**Action item**
Work through the listing below and give again exactly the lines from the one with "レーザーのエネルギー密度など" to the one with "ထို့ပြင် အသေးစားစက်မှု လက်မှုထုတ်ကုန်ပြခန်းများ၊", both ends included. All other lines and all pictures stay out.

>>>>>

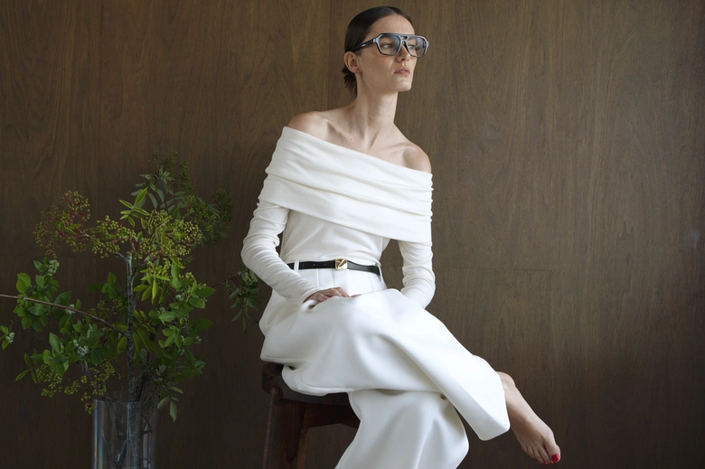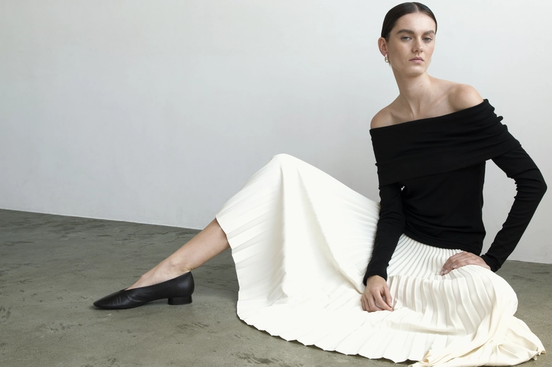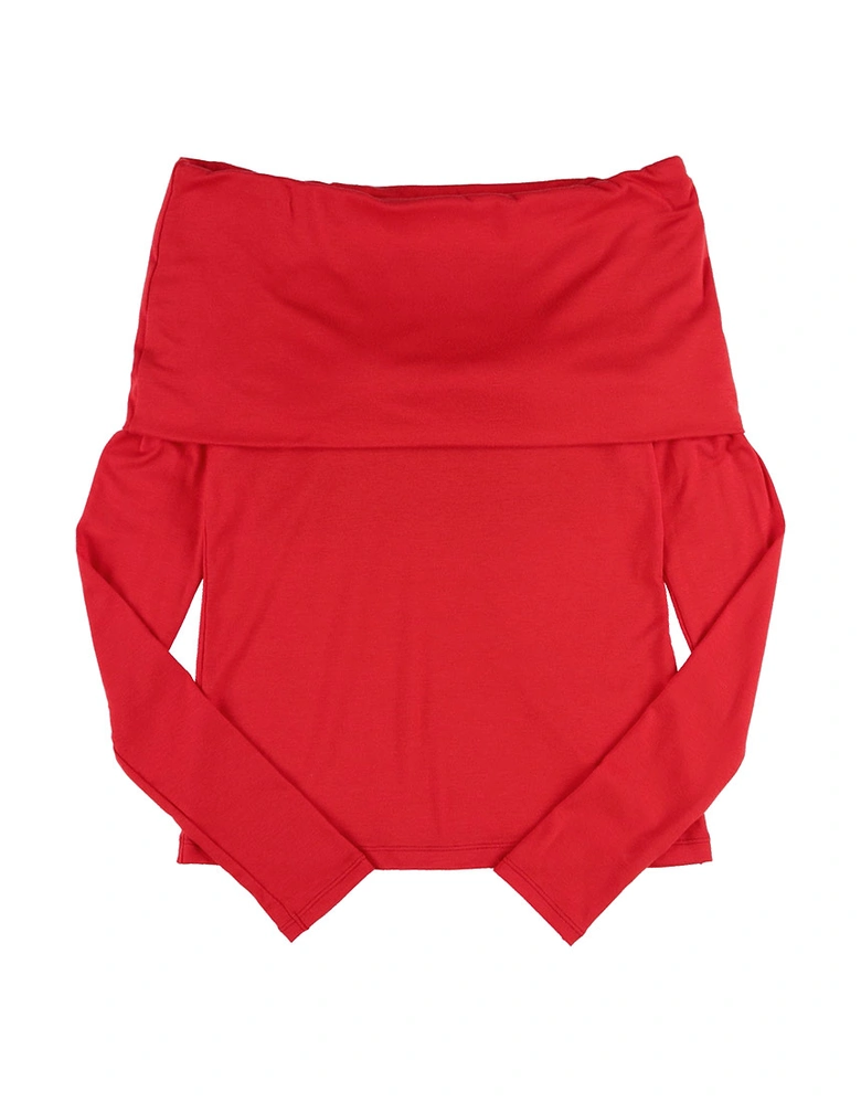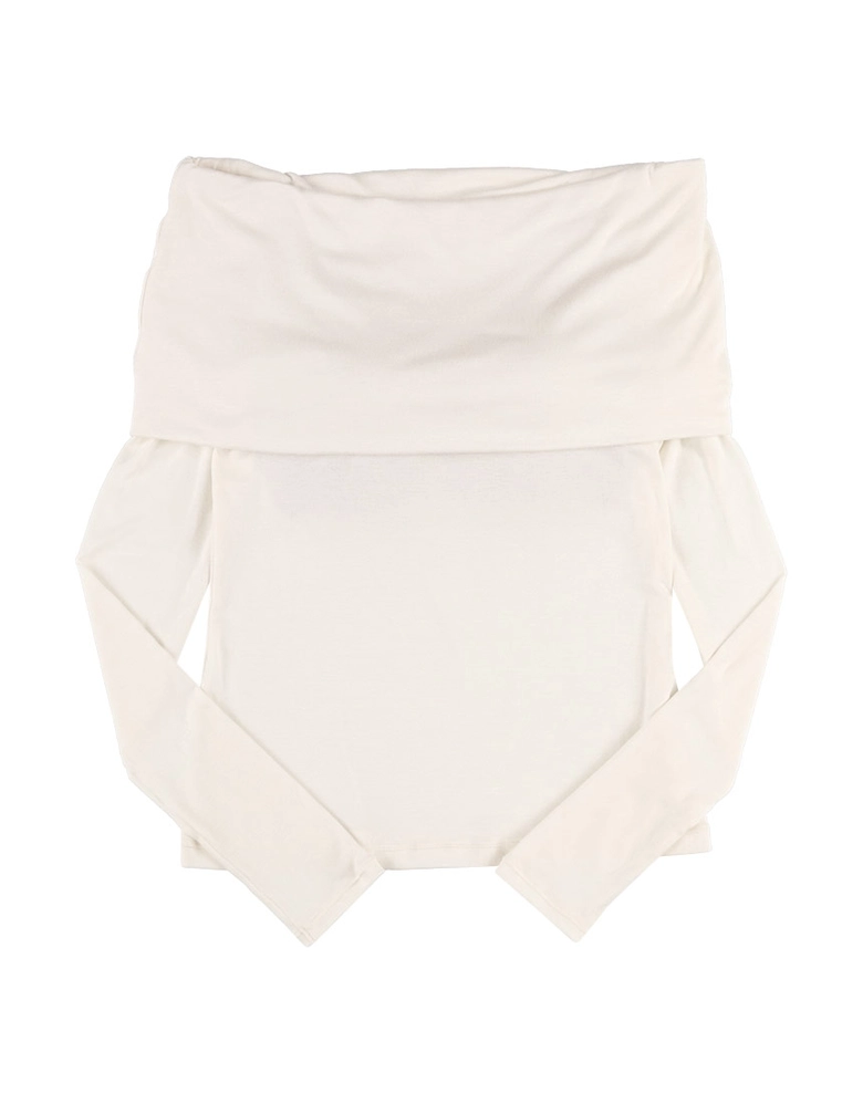 昨年のオフショルダートップスの新作として素材を変えて、タイトめなシルエットにアップデートされている。
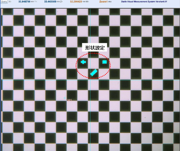 レーザーのエネルギー密度などのプロセス条件を設定した後、まずPCモニター上でリペア・レーザーエッチング箇所を指定します。この際、マウス操作によって自在な形状が簡単に作図できます。つまり、円状、ライン状といったテンプレートを組み合わせればさまざまな形状が可能になります。形状指定後、リペアを行います。リペア後はもちろん即座にモニター上で結果を確認することができます。また、リペアした箇所の寸法も測長できます。
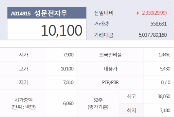 성문전자 2690원 29.95%,성문전자우 1만100원 29.99%로 가격제한폭까지 올랐다.
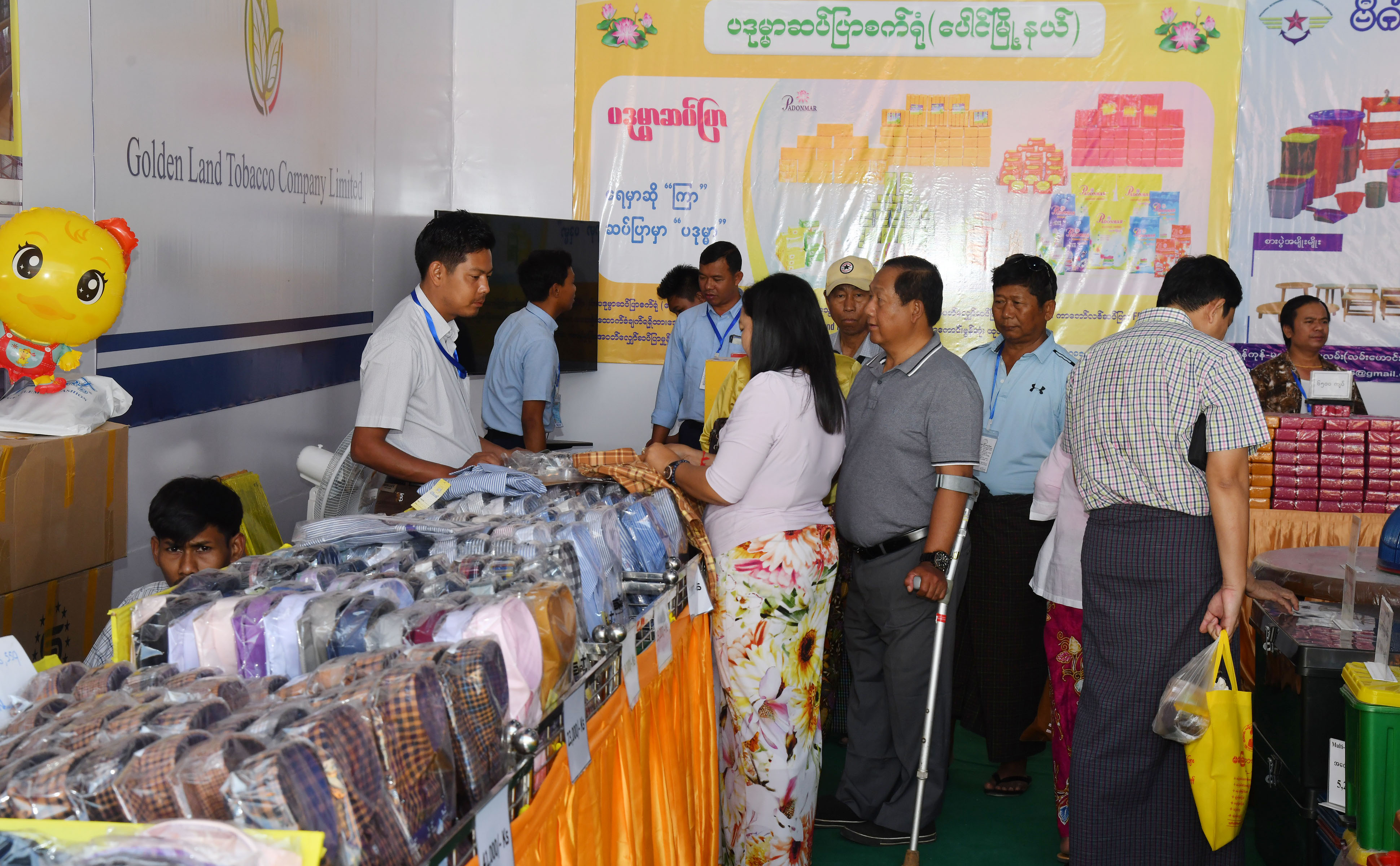 ထို့ပြင် အသေးစားစက်မှု လက်မှုထုတ်ကုန်ပြခန်းများ၊ ကုန်ထုတ်သမဝါယမ အသင်း များ ထုတ်ကုန်ပြခန်း၊ မြန်မာအမျိုးသမီး စီးပွားရေးစွမ်းဆောင်ရှင်များအသင်း ပြခန်း၊ မြန်မာ နိုင်ငံ စွန့်ဦးတီထွင်လုပ်ငန်းရှင်များအသင်း ပြခန်း၊ မြန်မာနိုင်ငံ သစ်သီးဝလံ၊ ပန်းမန် နှင့် ဟင်း သီးဟင်းရွက် စိုက်ပျိုးထုတ်လုပ်တင်ပို့ရောင်းချသူများ အသင်းပြခန်း၊ SUPREME WATER DOCTOR ပြခန်း၊ မြန်မာစီးပွားရေးလုပ်ငန်းရှင်အမျိုးသမီးများ ကွန်ယက်ပြခန်း၊ မြန်မာနိုင်ငံ ဆီကုန်သည်နှင့် ဆီလုပ်ငန်းရှင်များအသင်းပြခန်း၊ မြန်မာနိုင်ငံ ဆီစက်ပိုင်ရှင်များ အသင်း ပြခန်းများတွင် သက်ဆိုင်ရာ ပြခန်းအလိုက် စားသောက်ကုန်ပစ္စည်းများ၊ လူသုံးကုန် ပစ္စည်း များ၊ အဝတ်အထည်များကို ဈေးနှုန်း သက်သာစွာ ခင်းကျင်းပြသ ရောင်းချပေး လျက်ရှိ သည့်အတွက် လာရောက်လေ့လာဝယ်ယူသူများဖြင့် စည်ကားလျက်ရှိသည်ကို တွေ့ ရသည်။
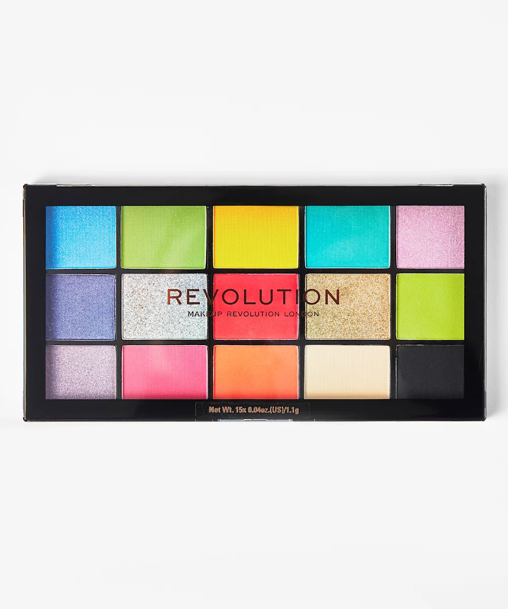 The perfect bright and bold palette for bringing euphoria to your looks. Revolution’s 15-shade Reloaded Palette Euphoria features an array of striking shades to be worn alone for a subtle pop of colour, or together for a rainbow inspired vibe. With a selection of highly pigmented, long-lasting bright shades and primary colours in glitter and matte finishes, this palette is here to brighten your looks and your mood.
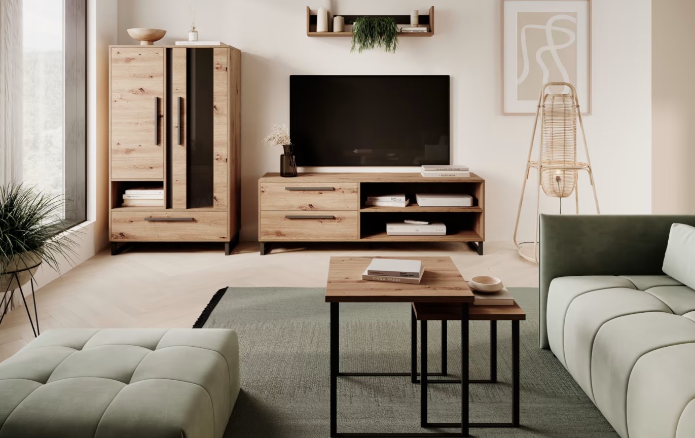 Získajte štýlový a funkčný nábytok pre vašu obývačku s našou loftovou zostavou ARIA v dekore dubu artisan. S jej vysokými nohami pridávate do priestoru vzdušnosť a moderný dizajn. Zostava ARIA je navrhnutá s dôrazom na praktickosť a estetiku, ponúka dostatok úložného priestoru pre organizáciu vašich vecí. Teplý odtieň dekoru dub artisan vytvára príjemnú atmosféru a kontrastuje s kovovými nohami. Zariaďte si obývačku štýlovo.
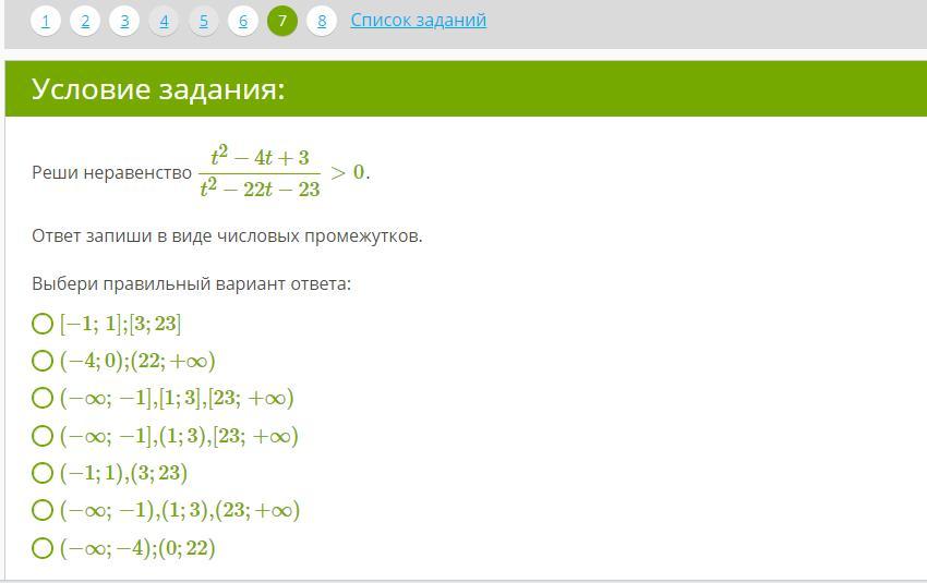 20 баллов.Пожалуйста,помогите те кто шарит в алгебре.Реши неравенство t2−4t+3t2−22t−23>0 .
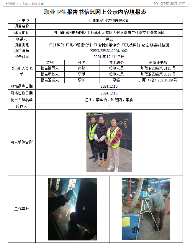 四川凯圣钢结构有限公司职业病危害因素定期检测

<<<<<

**The answer**
 レーザーのエネルギー密度などのプロセス条件を設定した後、まずPCモニター上でリペア・レーザーエッチング箇所を指定します。この際、マウス操作によって自在な形状が簡単に作図できます。つまり、円状、ライン状といったテンプレートを組み合わせればさまざまな形状が可能になります。形状指定後、リペアを行います。リペア後はもちろん即座にモニター上で結果を確認することができます。また、リペアした箇所の寸法も測長できます。
 성문전자 2690원 29.95%,성문전자우 1만100원 29.99%로 가격제한폭까지 올랐다.
 ထို့ပြင် အသေးစားစက်မှု လက်မှုထုတ်ကုန်ပြခန်းများ၊ ကုန်ထုတ်သမဝါယမ အသင်း များ ထုတ်ကုန်ပြခန်း၊ မြန်မာအမျိုးသမီး စီးပွားရေးစွမ်းဆောင်ရှင်များအသင်း ပြခန်း၊ မြန်မာ နိုင်ငံ စွန့်ဦးတီထွင်လုပ်ငန်းရှင်များအသင်း ပြခန်း၊ မြန်မာနိုင်ငံ သစ်သီးဝလံ၊ ပန်းမန် နှင့် ဟင်း သီးဟင်းရွက် စိုက်ပျိုးထုတ်လုပ်တင်ပို့ရောင်းချသူများ အသင်းပြခန်း၊ SUPREME WATER DOCTOR ပြခန်း၊ မြန်မာစီးပွားရေးလုပ်ငန်းရှင်အမျိုးသမီးများ ကွန်ယက်ပြခန်း၊ မြန်မာနိုင်ငံ ဆီကုန်သည်နှင့် ဆီလုပ်ငန်းရှင်များအသင်းပြခန်း၊ မြန်မာနိုင်ငံ ဆီစက်ပိုင်ရှင်များ အသင်း ပြခန်းများတွင် သက်ဆိုင်ရာ ပြခန်းအလိုက် စားသောက်ကုန်ပစ္စည်းများ၊ လူသုံးကုန် ပစ္စည်း များ၊ အဝတ်အထည်များကို ဈေးနှုန်း သက်သာစွာ ခင်းကျင်းပြသ ရောင်းချပေး လျက်ရှိ သည့်အတွက် လာရောက်လေ့လာဝယ်ယူသူများဖြင့် စည်ကားလျက်ရှိသည်ကို တွေ့ ရသည်။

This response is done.